All hearsay. Cite your sources.


----------



## Doctor Falsetti (Sep 24, 2010)

davidka said:


> All hearsay. Cite your sources.


All of those topics are well covered in the Trek-Lemond lawsuit. There is a reason why Trek settled with Greg instead of going to trial and Greg turned over 70,000 pages of documents to Novitzky. 

Lance has been obsessed with Greg for the past 10 years. He has continually interfered with Greg's business dealings not just with Trek but with other companies. There is a legal term for this, tortious interference (Google it). What the Trek case made clear is Greg has an excellent case for it. 
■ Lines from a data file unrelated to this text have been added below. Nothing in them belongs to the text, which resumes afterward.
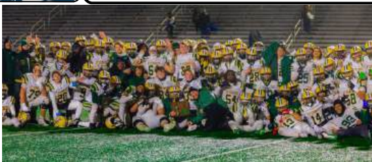
2024 DIVISION ONE REGION ONE CHAMPIONS

Oct. 24, 7:00 p.m. @ Akron Hoban Dowed Field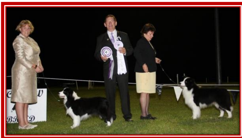
Best In Show (left) and Runner Up to Best In Show (right)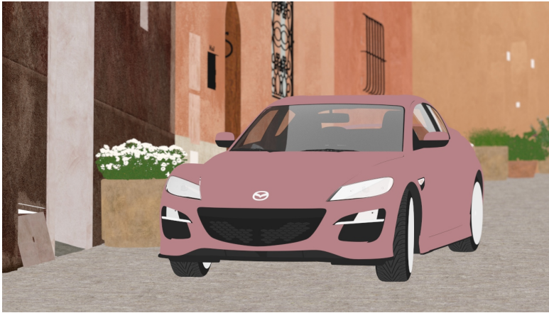
Figure 3.4 – Example albedo image obtained using the first diffuse or glossy (non-delta) hit. Note that the albedos of perfect specular (delta) transparent surfaces are computed as the Fresnel blend of the reflected and transmitted albedos.

The albedo for dielectric surfaces (e.g. glass) should be either 1 or, if the surface is perfect specular (i.e. has a delta BSDF), the Fresnel blend of the reflected and transmitted albedos. The latter usually works better but only if it does not introduce too much noise or the albedo is prefiltered. If noise is an issue, we recommend to split the path into a reflected and a transmitted path at the first hit, and perhaps fall back to an albedo of 1 for subsequent dielectric hits. The reflected albedo in itself can be used for mirror-like surfaces as well.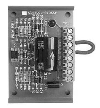
Fike Agent Release Module

Each Clean Agent container shall be provided with a Fike P/N 10-1832 Agent Release Module (ARM III) to allow all electrical actuators to be connected in parallel. Series-wired actuators are not acceptable. The ARM III shall be located at each container and shall be securely mounted in the lower right hand corner of a 4 11/16" (11.9cm) square electrical box, with cover. All wiring to the Clean Agent container and the actuator leads shall connect to a terminal strip located on the ARM III.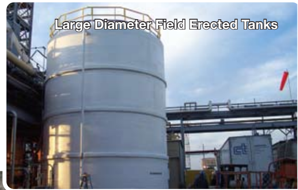
Large Diameter Field Erected Tanks

CoroTech is an experienced group of professionals offering Turn-Key Single Source Solutions solving Corrosion, Pollution Control, and Chemical Process problems worldwide for over 40 years.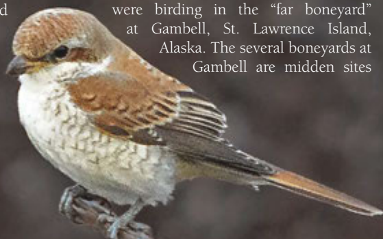
Figure 1. The Gambell, Alaska, Red-backed Shrike photographed on 10 Oct 2017.

that provide exposed, rich soil, some degree of protection from the wind, and (by late summer and early autumn) a relatively lush growth of two species of Artemisia . Known colloquially as wormwood or sage, this vegetation grows to a height of approximately a half-meter or more. The food and cover provided by the middens are attractive to both Asian and North American landbird migrants, including many vagrant species. Rosenberg flushed a mid-size brownish passerine out of a digging pit immediately in front of him; the bird then perched very close by on the rim of the pit for a second or two before flushing again and flying a long distance away. As it departed, he yelled “Brown Shrike!” Bryer and Lehman turned to see the bird flying away. It then perched for an extended period of time on a fence some 100–125 yards distant. It indeed resembled a Brown Shrike ( L. cristatus ) in general features but was much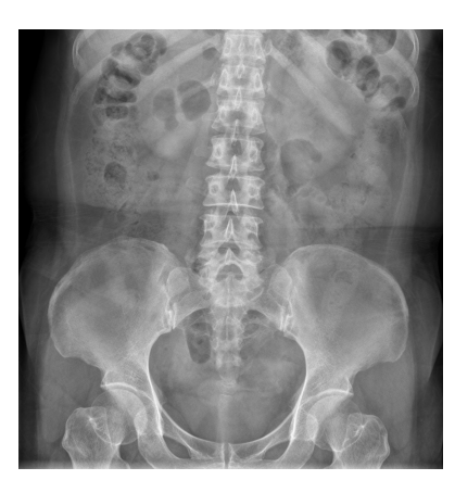
Fig. 2. KUB view.

(NRS) before defecating (this reduced to 8 NRS when she did not defecate) and had a dull stomachache for approximately 3 months. The patient was diagnosed with IBS using the Rome IV diagnostic criteria (Table 2), and local guidelines that allowed dietary control, nonpharmaceuticals, and medication of up to 4 weeks without performing colon endoscopy when there were no specific symptoms in the blood test and no warning signs, such as melanorrhagia, and weight loss with unknown cause [1,9].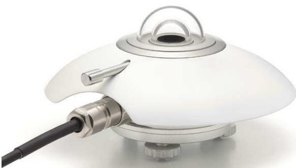
Figure 2 example of a Hukseflux pyranometer: SR25-D1 digital secondary standard pyranometer with sapphire outer dome. This model offers better data availability and measurement accuracy than traditional ventilated pyranometers. Its digital interface, using the industry standard Modbus communication protocol, allows for easy implementation and service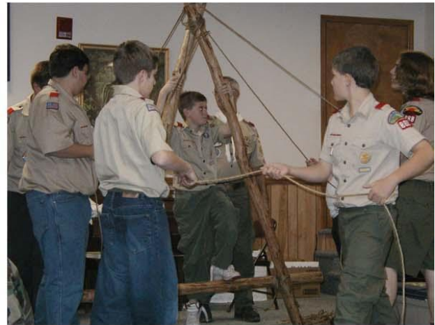
After the A-frames are built, the guy lines have to be attached, and their "Walker" needs to be stood up with their first patrol member balanced and ready to cross the "Alligator Pit."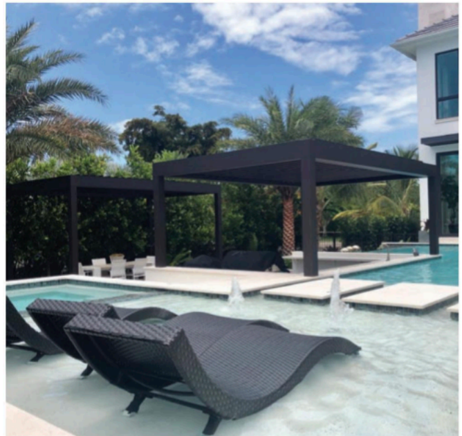
RENSON CAMARGUE SHADE STRUCTURES HAVE AUTOMATED SIDE SCREENS TO ADJUST FOR SUN, RAIN, AND WIND PROTECTION, AS WELL AS CUSTOMIZABLE FANS AND LIGHTING.

“We offer all the things that matter: options, bona fide rain protection, and shade,” says Wyatt. “The louvers are pitched to get water moving to internal gutters to prevent rain from falling on your furniture when they’re opened after it rains. You can leave furniture out when it rains, and you don’t have to wheel in an umbrella every season.”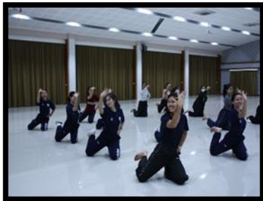
Figure 13: Dance practice of first year students in the course "Civilization and Local Wisdom."

5. General education foundations- It is a study in general education that helps in promoting cognitive skills, reasoning and creativity, such as civilization and local wisdom, Religion and Philosophy, systematic thinking process development and Learning by activities.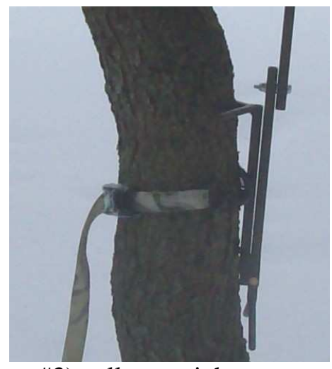
(Step #3) pull strap tight to snug hanger against tree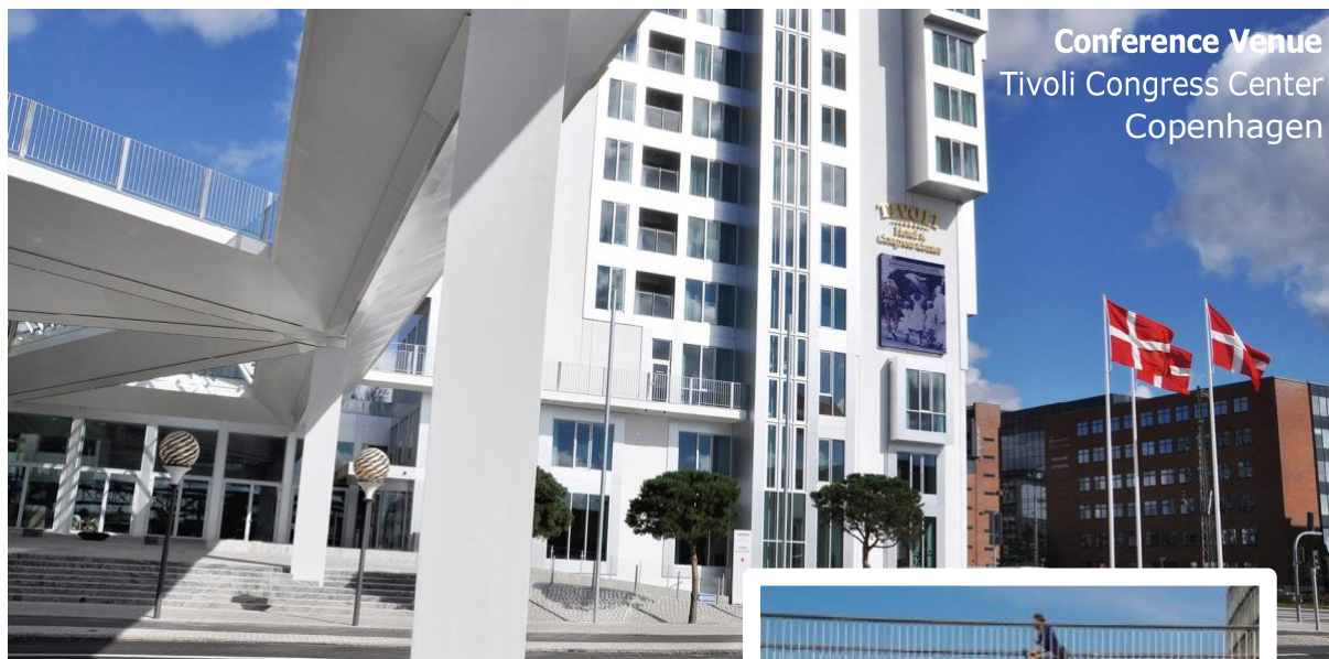
Conference Venue Tivoli Congress Center Copenhagen

DIS ® DIS CONGRESS SERVICE COPENHAGEN A/S

You will notice that Greg has become far more vocal since the Trek settlement. He knows that if Lance tries to re-launch his smear campaign that he has a slam dunk legal case.


----------



## davidka (Dec 12, 2001)

Doctor Falsetti said:


> Lance has been obsessed with Greg for the past 10 years. He has continually interfered with Greg's business dealings not just with Trek but with other companies. .


Completely untrue. The exact opposite of true. The fiction is getting too thick in here. Believe what you want to believe, I'm out.


----------



## blackjack (Sep 7, 2010)

davidka said:


> Completely untrue. The exact opposite of true. The fiction is getting too thick in here. Believe what you want to believe, I'm out.
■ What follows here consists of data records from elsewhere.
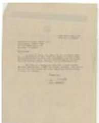
Letter (2018.8.1B) December 9, 1941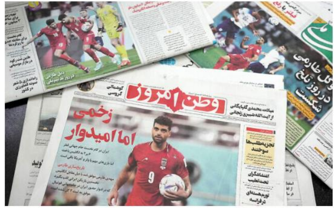
Iranian newspapers seen in downtown Tehran, Iran, Nov. 22, 2022.

TEHRAN — Iran has arrested a third female journalist from the reformist newspaper Shargh against the backdrop of nationwide protests sparked by Mahsa Amini's death, the daily said Wednesday.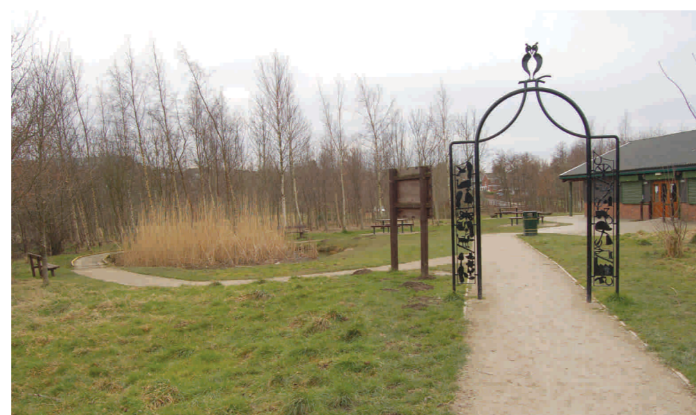
The visitor centre at Brierley Forest Park

Reproduced from the Ordnance Survey mapping with the permission of the Controller of Her Majesty's Stationery Office. © Crown copyright. Unauthorised reproduction infringes Crown copyright and may lead to prosecution or civil proceedings. 100023251 2008.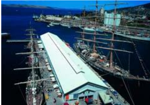
Hobart Function & Conference Centre - 1 Elizabeth St, Hobart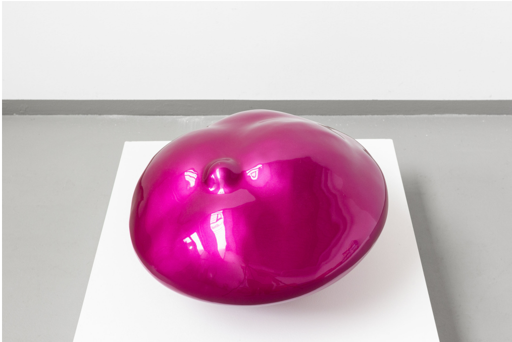
Jef Geys, Patisson , 1980, carping on fiberglass, fiberboard 30 x 80 cm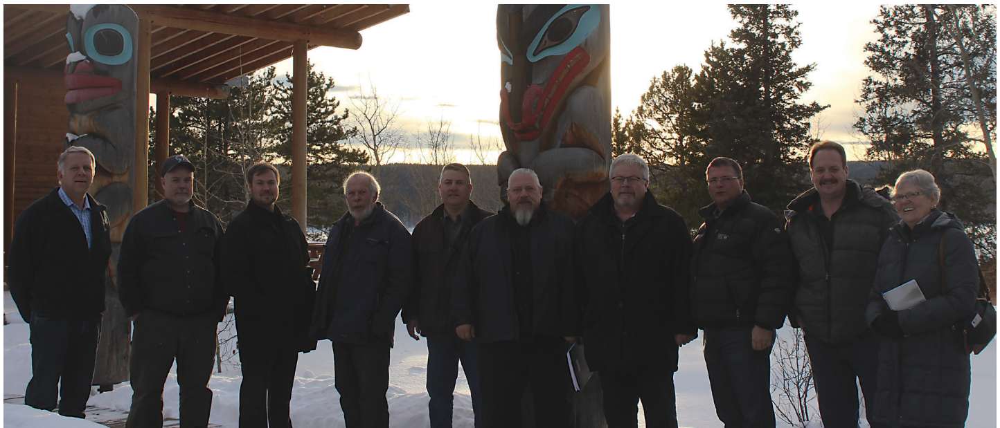
Above: December 1, 2017 – Representatives from Yukon Development Corp (YDC) travelled to Teslin to tour the Biomass Project. The Biomass has been a long-time vision for residents of the community. To see the buildings up, boilers installed, wood being chipped, Teslin has almost completed phase 1 of the project. TTC and DDC presented a very new video called “Teslin’s Biomass Project”.

Read the stuff in "It's Not About the Bike" that Lance was spouting about having the greatest wife in the world. Talk about a fictional narrative.

I guess Armstrong thought his readers were childlike wide eyed believers in storybook fantasy. Maybe you can inform us of the truth of that fairytale.


----------



## Dan Gerous (Mar 28, 2005)

blackjack said:


> I guess Armstrong thought his readers were childlike wide eyed believers in storybook fantasy.


I actually believe it is exactly how Lance sees the fans, they're naive dollar bills for him, they don't need to know the truth.


----------



## SilasCL (Jun 14, 2004)

davidka said:


> All hearsay. Cite your sources.


Some of it's not hearsay.  Lemond was presumably there for the conversation with Armstrong.

It may not be provable, but that doesn't mean it's hearsay.


----------



## Doctor Falsetti (Sep 24, 2010)

SilasCL said:


> Some of it's not hearsay. Lemond was presumably there for the conversation with Armstrong.
> 
> It may not be provable, but that doesn't mean it's hearsay.


All of it is in the Trek-Lemond case. You can find most of it online. 

That case made it clear that Armstrong became obsessed with smearing Lemond after Greg said this

'When Lance won the prologue to the 1999 Tour I was close to tears, but when I heard he was working with Michele Ferrari I was devastated. In the light of Lance's relationship with Ferrari, I just don't want to comment on this year's Tour. This is not sour grapes. I'm disappointed in Lance, that's all it is'

Pretty tame quote, a sentiment that was likely shared by the vast majority of fans. Armstrong has a long history of being vindictive towards anyone that questions the myth and he set out to ruin Greg. 

He called Burke and got him forced Greg to write an apology with the threat that he would lose his main source of income. Lance called other LeMond business partners and encouraged them to take advantage of Greg's moment of weakness. 

Armstrong hired a PR Firm, Public Strategies, to develop the narrative that leMond was a deranged stalker. For a while it worked. People still write today about Greg being crazy....but they cannot pinpoint an example that supports this. The press was naive about Armstrong and the sport....they would repeat whatever talking points they were given. 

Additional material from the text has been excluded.